# TASK GOAL:
Could you give back exactly the lines below from the one with "ÈÆ·ÃÀÌ ½ÃÀÛµÈ ¿ÀÈÄ" through the one with "自然素材や白を基調とした家具", without a single picture?

:: RECORDS TO USE

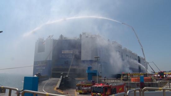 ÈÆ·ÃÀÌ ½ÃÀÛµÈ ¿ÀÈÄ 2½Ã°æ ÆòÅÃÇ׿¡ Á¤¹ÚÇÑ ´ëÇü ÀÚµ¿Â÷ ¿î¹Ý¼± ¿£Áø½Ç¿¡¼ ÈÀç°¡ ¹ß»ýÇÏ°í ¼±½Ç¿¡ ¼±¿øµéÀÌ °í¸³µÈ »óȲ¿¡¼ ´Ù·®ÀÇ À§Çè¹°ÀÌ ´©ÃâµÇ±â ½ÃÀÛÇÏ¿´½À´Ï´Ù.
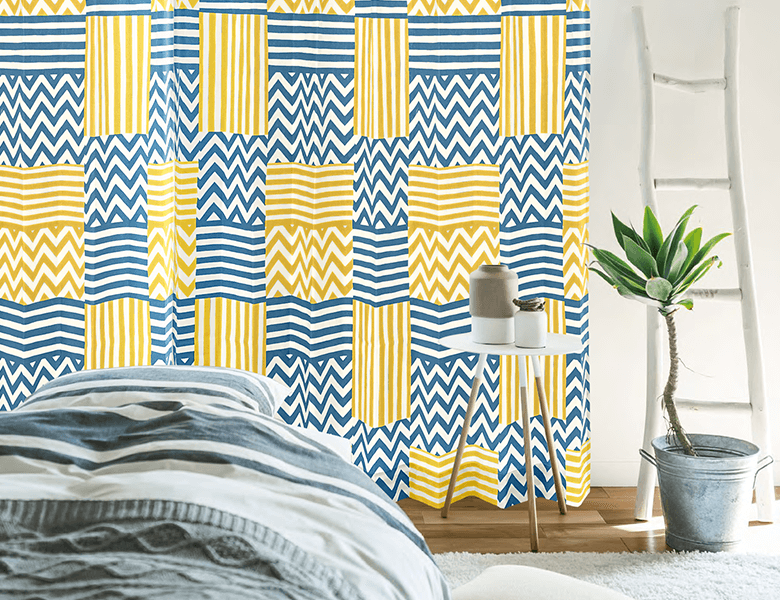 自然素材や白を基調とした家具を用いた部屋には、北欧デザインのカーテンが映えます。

::::
:: RECORDS TO USE

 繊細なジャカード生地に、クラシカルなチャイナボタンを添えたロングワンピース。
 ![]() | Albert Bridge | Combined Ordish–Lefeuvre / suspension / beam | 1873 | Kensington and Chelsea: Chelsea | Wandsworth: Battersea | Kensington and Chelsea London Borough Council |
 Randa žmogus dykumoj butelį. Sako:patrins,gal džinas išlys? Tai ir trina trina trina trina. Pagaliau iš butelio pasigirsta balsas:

::::
:: RECORDS TO USE

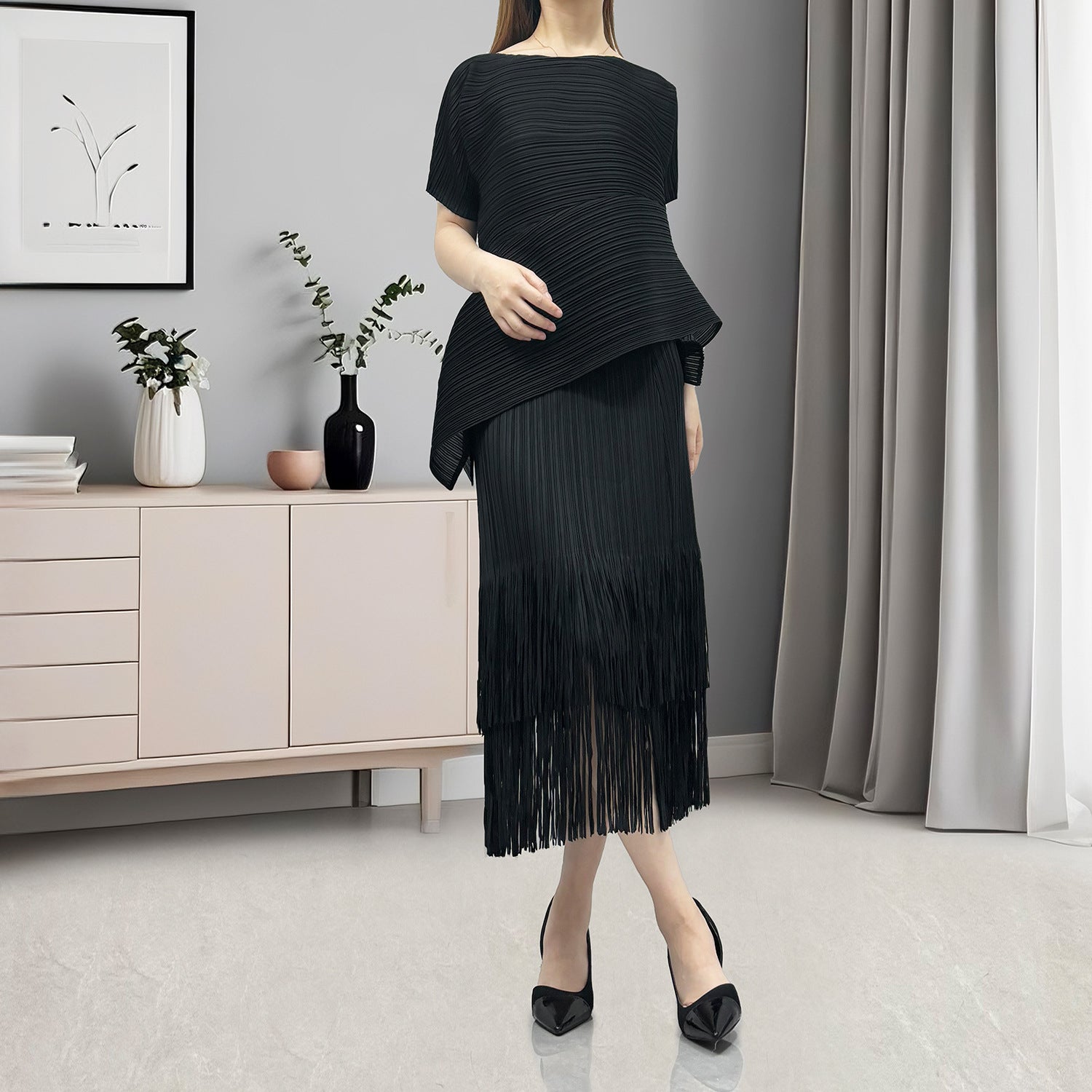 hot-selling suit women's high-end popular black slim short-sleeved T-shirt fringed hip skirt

::::

# FINISHED TASK:
 ÈÆ·ÃÀÌ ½ÃÀÛµÈ ¿ÀÈÄ 2½Ã°æ ÆòÅÃÇ׿¡ Á¤¹ÚÇÑ ´ëÇü ÀÚµ¿Â÷ ¿î¹Ý¼± ¿£Áø½Ç¿¡¼ ÈÀç°¡ ¹ß»ýÇÏ°í ¼±½Ç¿¡ ¼±¿øµéÀÌ °í¸³µÈ »óȲ¿¡¼ ´Ù·®ÀÇ À§Çè¹°ÀÌ ´©ÃâµÇ±â ½ÃÀÛÇÏ¿´½À´Ï´Ù.
 自然素材や白を基調とした家具を用いた部屋には、北欧デザインのカーテンが映えます。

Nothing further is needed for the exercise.